Russland, das stolz darauf ist, mit „Sputnik V“ den ersten Impfstoff zum Einsatz gebracht zu haben, nutzt das offenbar tatsächlich hochwirksame Vakzin indessen vor allem als Exportschlager, so nach Mexiko und Serbien, Paraguay oder Ägypten – während die Impfung der eigenen Bevölkerung hintansteht. Das führt zu dem paradoxen Ergebnis, dass Sputnik V möglicherweise dazu beitragen wird, Covid-19 in ärmeren Ländern zu bekämpfen. Jedenfalls, wenn es gelingt die geplante Produktion in Brasilien und Indien hochzufahren. In Russland selbst, vor allem jenseits der Metropole Moskau, ist offenbar weiterhin vor allem Herdenimmunität durch Infektion das verbreitetste Rezept für den Erwerb von Antikörpern.

Nachtrag am 9. März 2021: Inzwischen haben sich die Vorwürfe gegen “Hygiene Austria” und die beiden Mutterkonzerne Lenzing und Palmers erhärtet. Während “Hygiene Austria”-Geschäftsführer Tino Wieser immer noch davon spricht, wie “stolz” er sei, 200 Arbeitsplätze in Österreich geschaffen zu haben, ist bekannt geworden, dass diese vor allem in Scheinfirmen bestehen. Scheinfirmen, die entweder Arbeitskräfte offiziell “geringfügig” beschäftigen, tatsächlich aber schwarz in Vollzeit arbeiten lassen, oder die sich der Sozialversicherungsbeiträge durch rechtzeitig herbeigeführtem Konkurs entledigen. Auch Zuschüsse für nicht erfolgte Kurzarbeit seien eingestrichen worden. Auch der Verdacht, dass die “heimische” Produktion zum Teil in China stattfand, die Masken dann von Schwarzarbeitern aber in “Hygiene Austria”-Kartons umgepackt worden sind, scheinen sich nun zu bestätigen.

Rückblick, Anfang März, 2020: Die EU kofinanziert die Lieferung von 25 Tonnen Schutzausrüstung für China. Die Europäische Kommission mahnt die nationalen Regierungen in Europa, ihren Bedarf an Schutzmasken, Testkits und Beatmungsgeräten zu melden.
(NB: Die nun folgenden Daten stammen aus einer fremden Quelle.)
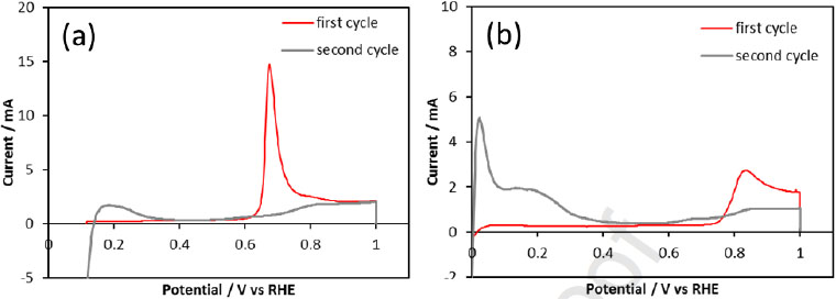 上圖分別顯示了根據(jù)CO消除電荷估算的在電位掃描期間MEA(2)和MEA(3)的ECSA,計算方法與MEA(1)相同。MEA(2)的兩個樣本ECSA分別為53%和67%,而MEA(3)分別為57%和58%。對于非多孔碳載體MEA(1),幾乎所有的Pt納米顆粒都位于碳載體外表面上,并傾向于被聚合物覆蓋。相反,對于多孔碳載體MEA(2)和MEA(3),有更多的Pt納米顆粒位于碳載體內(nèi)表面和未被聚合物覆蓋的區(qū)域。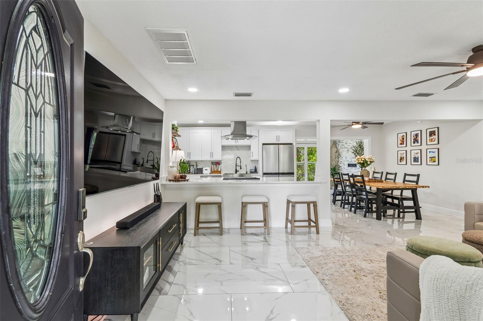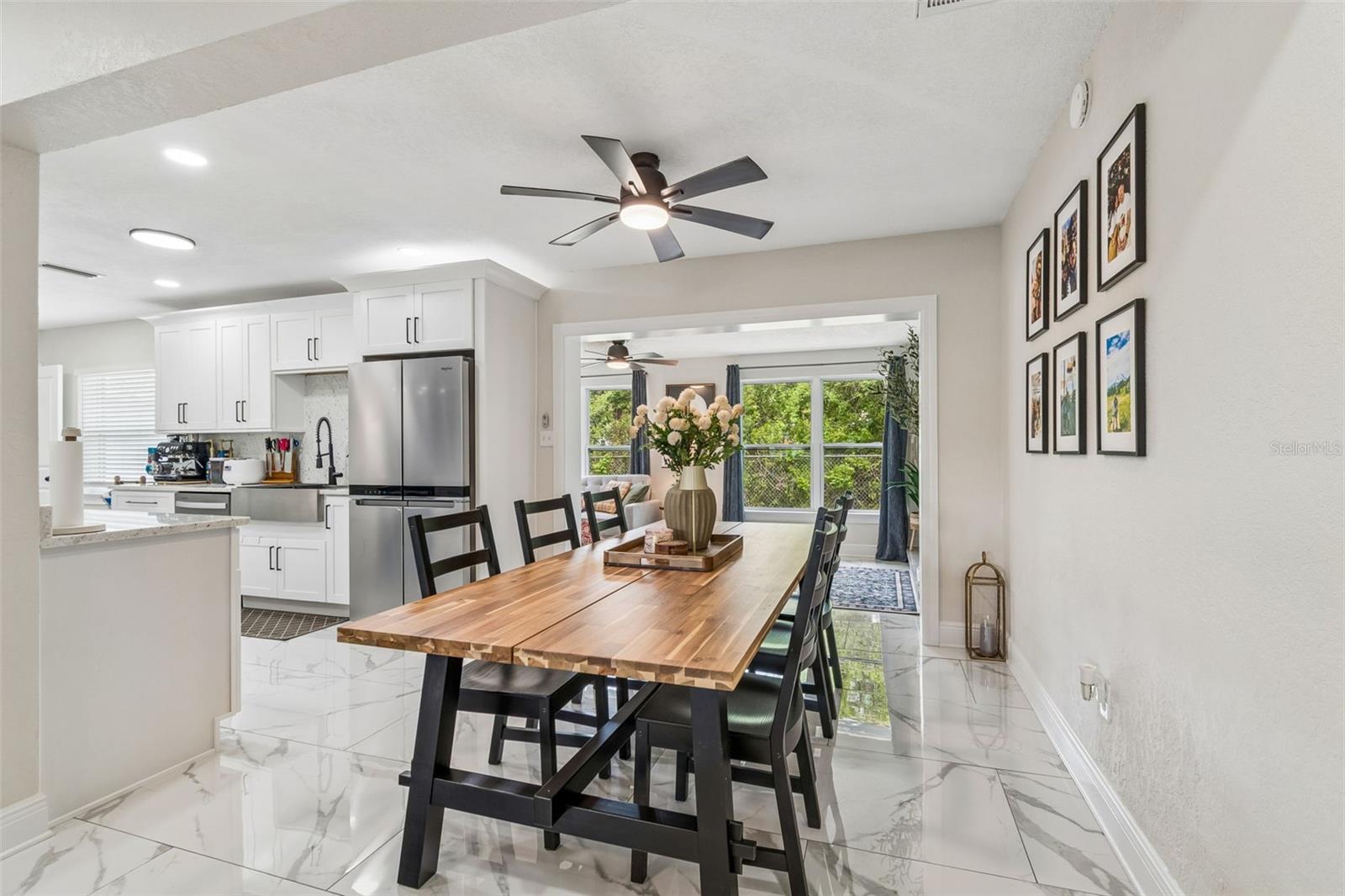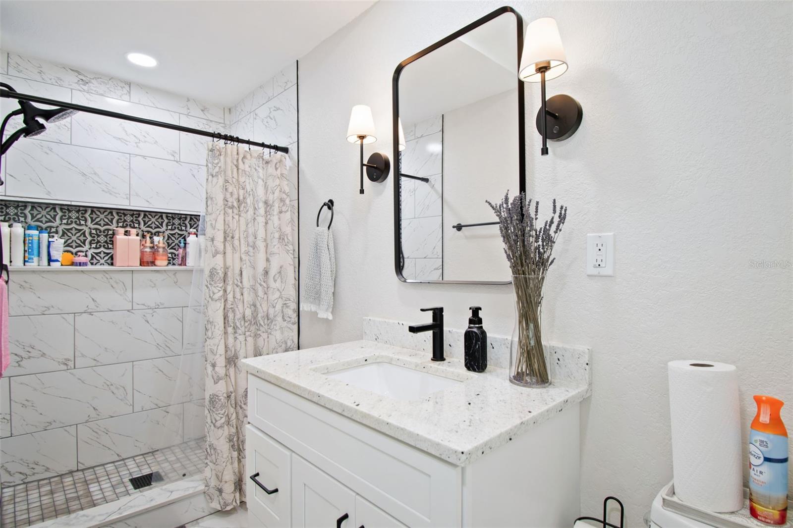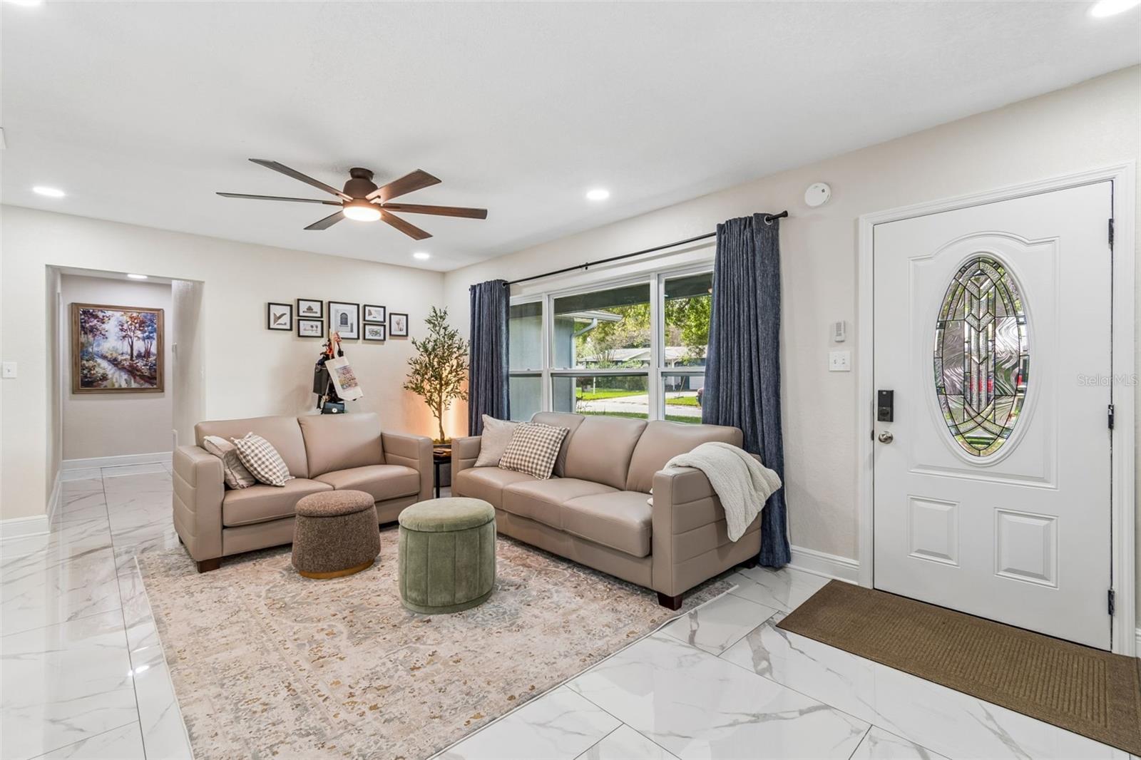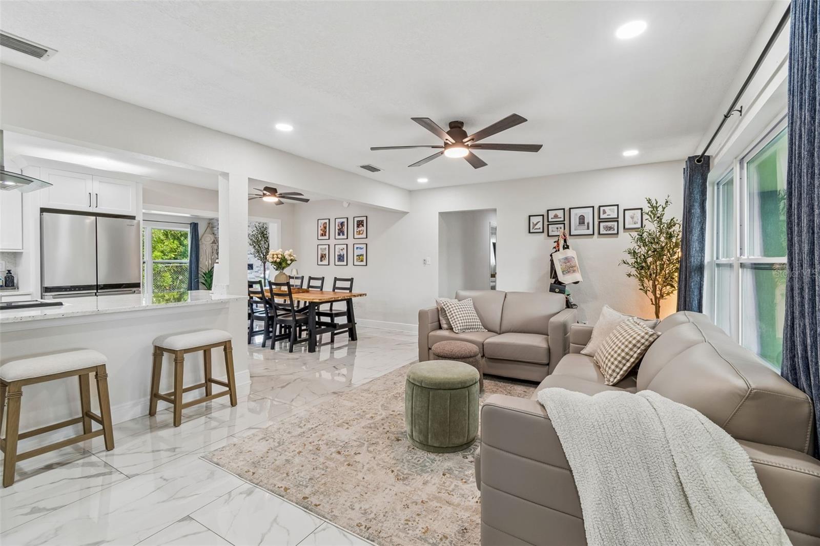 The charming front porch welcomes you into this beautifully updated home featuring an open floor plan with 3 bedrooms, 3 full bathrooms, and a versatile bonus room. The spacious living area flows seamlessly into the dining room and fully remodeled kitchen, creating an ideal space for both everyday living and entertaining. The kitchen has been thoughtfully upgraded with new appliances, granite countertops, and an oversized stainless steel sink. A sleek flat-top stove paired with a modern canopy range hood adds a contemporary touch. Natural light fills the home, enhancing its bright and airy feel. Tile flooring runs throughout the main living areas, while the bedrooms feature stunning new wood-look tile flooring. All three bathrooms have been tastefully renovated, complete with stylish finishes and shower niches for added convenience. At the rear of the home, the bonus room showcases a striking stone accent wall and fireplace, making it perfect as a family room, home office, or flex space. Step outside to a fully fenced backyard featuring a Rubbermaid storage shed (2022), ideal for lawn equipment and extra storage. Six-inch gutters with guards (installed May 2023) provide lasting protection and low-maintenance peace of mind. The spacious garage includes a 25-amp EV charger, adding everyday convenience for electric vehicle owners. Additional highlights include a roof replacement and new HVAC system (May 2022), along with a whole-home water softener and reverse osmosis system for added comfort and efficiency.

Es wird aber noch Wochen dauern, bis die ersten Anforderungen durchgegeben werden.
Erste Fälle von Covid-19 werden in Großbritannien gemeldet. Dominic Cummings, Berater des britischen Premiers Boris Johnson fasst die Strategie der britischen Regierung folgendermaßen zusammen: „herd immunity, protect the economy and if that means some pensioners die, too bad“. Downing Street No. 10 dementiert.

Auch Donald Trump hat sich wieder zu Covid-19 geäußert: „Es ist eine Grippe, wie eine Grippe.“

Ein Gedanke zu „Lieferketten

  1. Jetzt ist durchgesickert, dass sich Donald Trump und seine Melania in den letzten Tagen ihres Aufenthalts im Weißen Haus doch noch geheim gegen Covid-19 impfen haben lassen. Späte Einsicht in die Gefahr, die so lange offiziell geleugnet wurde!